The path extraction unit selects the target biological path from among a plurality of candidate biological pathways based on a normalized enrichment score (NES) using a gene set enrichment test and a hypergeometric test. .
According to claim 1,

The gene network is a protein-protein interaction (Protein-Protein Interaction) network, the device.
According to claim 1,

The immuno-cancer agent comprises at least one of an anti-PD-1 antibody, an anti-PD-L1 antibody, and an anti-CTLA4 antibody.
According to claim 1,

Wherein the target comprises at least one of PD-1 protein, PD-L1 protein and CTLA4 protein.
According to claim 1,

The anti-cancer immune response discrimination model is pre-learned based on the clinical results of the presence or absence of response to the target gene information and the immuno-cancer drug of a plurality of cancer patients, the apparatus.
In the method for determining the presence or absence of a response to an immune anticancer drug in a cancer patient using machine learning,

extracting a target biological pathway including a target of an immune anti-cancer drug from a gene network;

converting gene activity information from transcriptome data of a target cancer patient to be subjected to immunotherapy using the immuno-cancer agent into activity information of the target biological pathway; and

Entering the target gene information into a pre-learned immune anticancer drug response discrimination model to determine whether the target cancer patient has a response to the immune anticancer drug

To include, the method.
According to claim 8,

The step of extracting the target biological pathway includes detecting a target node corresponding to the target and a plurality of proximal nodes close to the target node in the gene network based on an influence score through network propagation using a page rank algorithm.
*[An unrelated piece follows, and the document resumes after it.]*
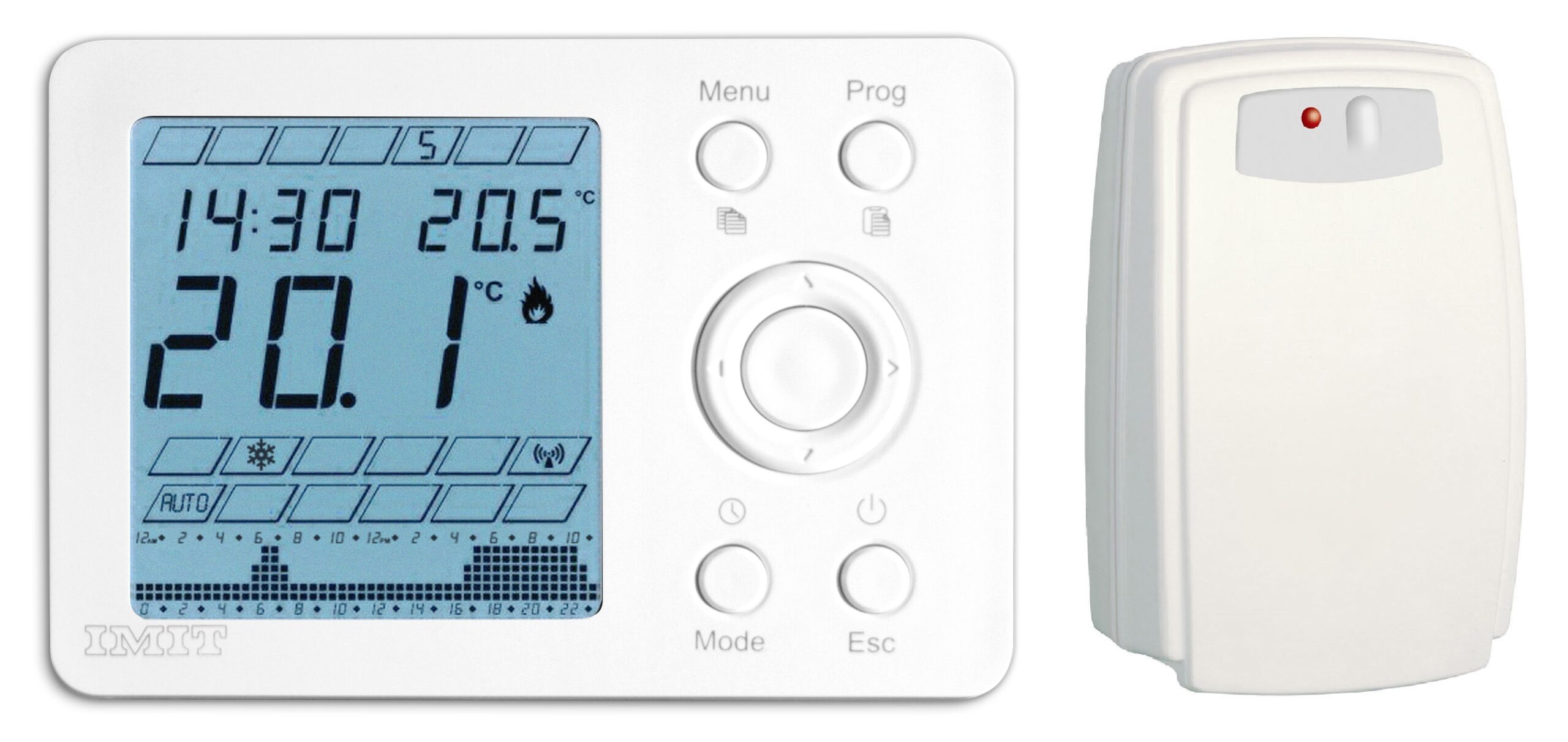 I termostati ed i cronotermostati presentati da IMIT Control System (Castelletto Ticino, NO) con ricevitore radio RF 868 Mhz sono pensati per tutte le situazioni dove non si vogliano o non si possano collegare i cavi del consenso caldaia direttamente al termostato.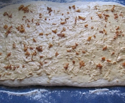 Hefeteig zu einem Rechteck von ca. 50 x 30 cm ausrollen und mit der Margarine-Zwiebelsuppe-Mischung bestreichen, evtl. mit Röstzwiebeln bestreuen. - Den Teig von der schmalen Seite her aufrollen. Die Rolle der Länge nach halbieren.

How to do it.
According to claim 9,

The step of extracting the target biological pathway selects the target biological pathway from among a plurality of candidate biological pathways based on a normalized enrichment score (NES) using a gene set enrichment test and a hypergeometric test. Which further comprises the step of doing, the method.
According to claim 8,

Wherein the gene network is a protein-protein interaction (Protein-Protein Interaction) network.
According to claim 8,

The method of claim 1, wherein the immunocancer agent includes at least one of an anti-PD-1 antibody, an anti-PD-L1 antibody, and an anti-CTLA4 antibody.
According to claim 8,

Wherein the target comprises at least one of PD-1 protein, PD-L1 protein and CTLA4 protein.
According to claim 8,

Further comprising the step of learning the immune anti-cancer agent response discrimination model based on the target gene information of a plurality of cancer patients and clinical results regarding the presence or absence of response to the immuno-cancer agent.